| Collected data |
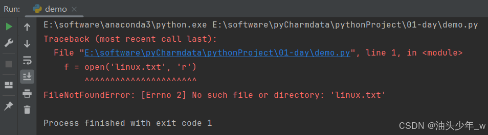当检测到一个错误时,Python解释器就无法继续执行了,反而出现了一些错误的提示,这就是所谓的“异常”, 也就是我们常说的BUG
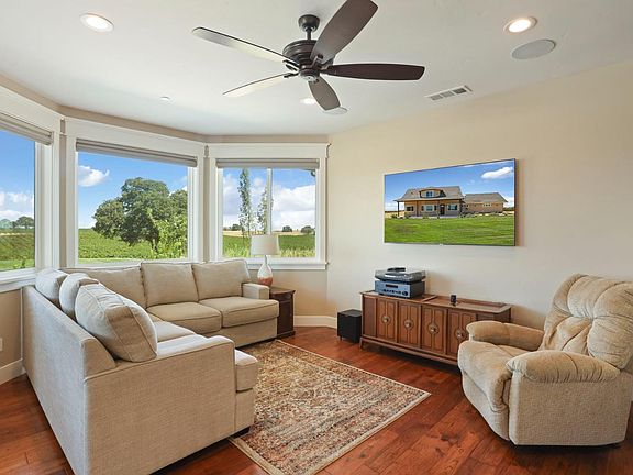 Discover your dream home in this hilltop 3-bedroom, 3-1/2-bathroom 2022 build. The views of the rolling vineyards are incredible. Nestled on a sprawling 30-acre chardonnay vineyard dotted with beautiful oak trees, this property perfectly blends modern comfort with a tranquil rural atmosphere. Located just minutes from local amenities, it offers the peaceful charm of vineyard country with the convenience of nearby services. The home features a freshly landscaped front yard, welcoming you with curb appeal and elegance. The backyard is a blank canvas, ready for your imagination to create the outdoor oasis of your dreams enjoying the hilltop sunsets. Think lush gardens, a cozy patio, or even a private vineyard extension. Inside, the well-designed layout with 3 suite bedrooms, modern finishes, and abundant natural light, perfect for both relaxation and entertaining.
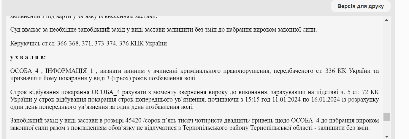 Про це йдеться у вироку Козівського районного суду Тернопільської області.
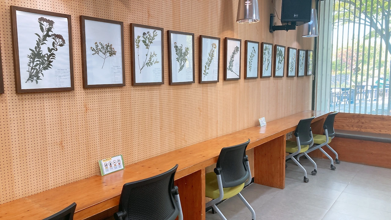 작지만 깔끔했다. 벽면엔 액자처럼 식물 표본이 걸려 있었고 이름이 북카페인만큼 반대쪽에는 책도 있었다. 아이들을 위한 동화책이나 그림책도 있었고 어른들을 위한 '삶은 무엇인가'와 같은 철학서도 있었다. 북카페가 있는 곳이 수목원이니만큼 주제에 맞게 정원 가꾸기나 야생화 도감 같은 책들도 눈에 띄었다. 차분히 앉아서 책을 읽고 싶지만 오늘은 일정이 있어 서둘러야 했기에 쓱 둘러보기만 하고 나왔다.

| Exercise instructions |
From the data above, write out everything exactly except the pictures.

| The answer |
当检测到一个错误时,Python解释器就无法继续执行了,反而出现了一些错误的提示,这就是所谓的“异常”, 也就是我们常说的BUG
 Discover your dream home in this hilltop 3-bedroom, 3-1/2-bathroom 2022 build. The views of the rolling vineyards are incredible. Nestled on a sprawling 30-acre chardonnay vineyard dotted with beautiful oak trees, this property perfectly blends modern comfort with a tranquil rural atmosphere. Located just minutes from local amenities, it offers the peaceful charm of vineyard country with the convenience of nearby services. The home features a freshly landscaped front yard, welcoming you with curb appeal and elegance. The backyard is a blank canvas, ready for your imagination to create the outdoor oasis of your dreams enjoying the hilltop sunsets. Think lush gardens, a cozy patio, or even a private vineyard extension. Inside, the well-designed layout with 3 suite bedrooms, modern finishes, and abundant natural light, perfect for both relaxation and entertaining.
 Про це йдеться у вироку Козівського районного суду Тернопільської області.
 작지만 깔끔했다. 벽면엔 액자처럼 식물 표본이 걸려 있었고 이름이 북카페인만큼 반대쪽에는 책도 있었다. 아이들을 위한 동화책이나 그림책도 있었고 어른들을 위한 '삶은 무엇인가'와 같은 철학서도 있었다. 북카페가 있는 곳이 수목원이니만큼 주제에 맞게 정원 가꾸기나 야생화 도감 같은 책들도 눈에 띄었다. 차분히 앉아서 책을 읽고 싶지만 오늘은 일정이 있어 서둘러야 했기에 쓱 둘러보기만 하고 나왔다.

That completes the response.